You Can Eat Your Way Through History Along Tulsa's Stretch of Route 66
Briefly

You Can Eat Your Way Through History Along Tulsa's Stretch of Route 66
"What follows is not a complete accounting of everything worth eating along Oklahoma's 400 miles, but a guide to the places where the road's food history is still alive. And worth the drive. In northeast Oklahoma, Clanton's Cafe in Vinita has not once reinvented itself. Since 1927, four generations of the Clanton family have served the same chicken-fried steak, the same cream gravy, the same crumbly cobbler their great-grandparents put on the menu during the Coolidge administration."

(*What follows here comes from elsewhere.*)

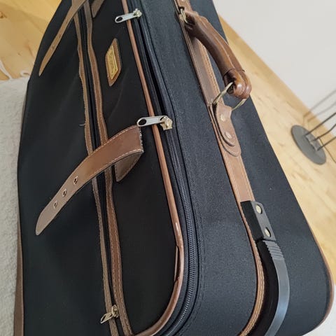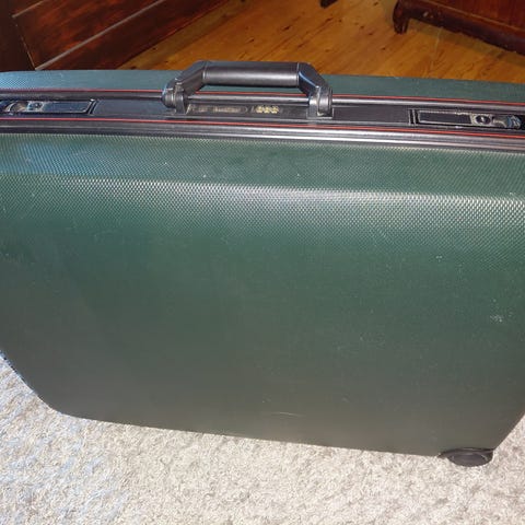 Mundial merkkinen iso oranssi matkalaukku. Kankainen laukku. Numerolukitus vetoketjuille. Lukkoon on ohjeet tallella. Kantokahva päällä ja sivussa. Päällä myös korkea vetokahva mikä painuu laukun sisään. Renkaita on yhdessä rivistössä ja kaikki on irronnut. On tallessa, jos haluaa korjata tai virittää jotain muuta. Käy vielä tavaroiden säilytykseen tai auton kanssa matkustamiseen. Ajaa asiansa, jos ei tarvitse kävellen liikkua tai jaksaa kantaa laukun. Iso laukku minne mahtuu etelän reissun vaatteet. Parilla reissulla ollut mukana ja viimeisimmällä hajosi renkaat. Muuten on käytönjälkiä siellä täällä. Edessä on kiristysnaru. On erilliset taskut edessä 2 kpl ja littana laukun kokoinen lokero. Sisällä on iso laukun kokoinen verkkotasku sekä laidalla vetoketjullinen tasku. Laukkuun saa myös laajennusosan avattua vetoketjulla, jos tavaraa on paljon. Takana on myös vetoketjullinen tasku. Itsellä laukku on lantiolle saakka. On siis iso tilava laukku minne mahtuu paljon tavaraa.

Route 66 in Oklahoma runs about 400 miles as a two-lane highway that helped families flee the Dust Bowl and soldiers return home. Oklahoma became a state in 1907, and the highway arrived nearly 20 years later, aligning the state’s growth with Route 66’s centennial and America’s 250th birthday. Food developed along the road because travelers needed reasons to stop, including pasties sold by a Cornish immigrant and a steakhouse opened by a Lebanese family to feed oil-field workers. The region includes long-running family restaurants and signature dishes such as the fried onion burger from El Reno, which spread beyond Oklahoma. Modern food incubators and marketplaces also support entrepreneurs from many countries, keeping the road’s food history active.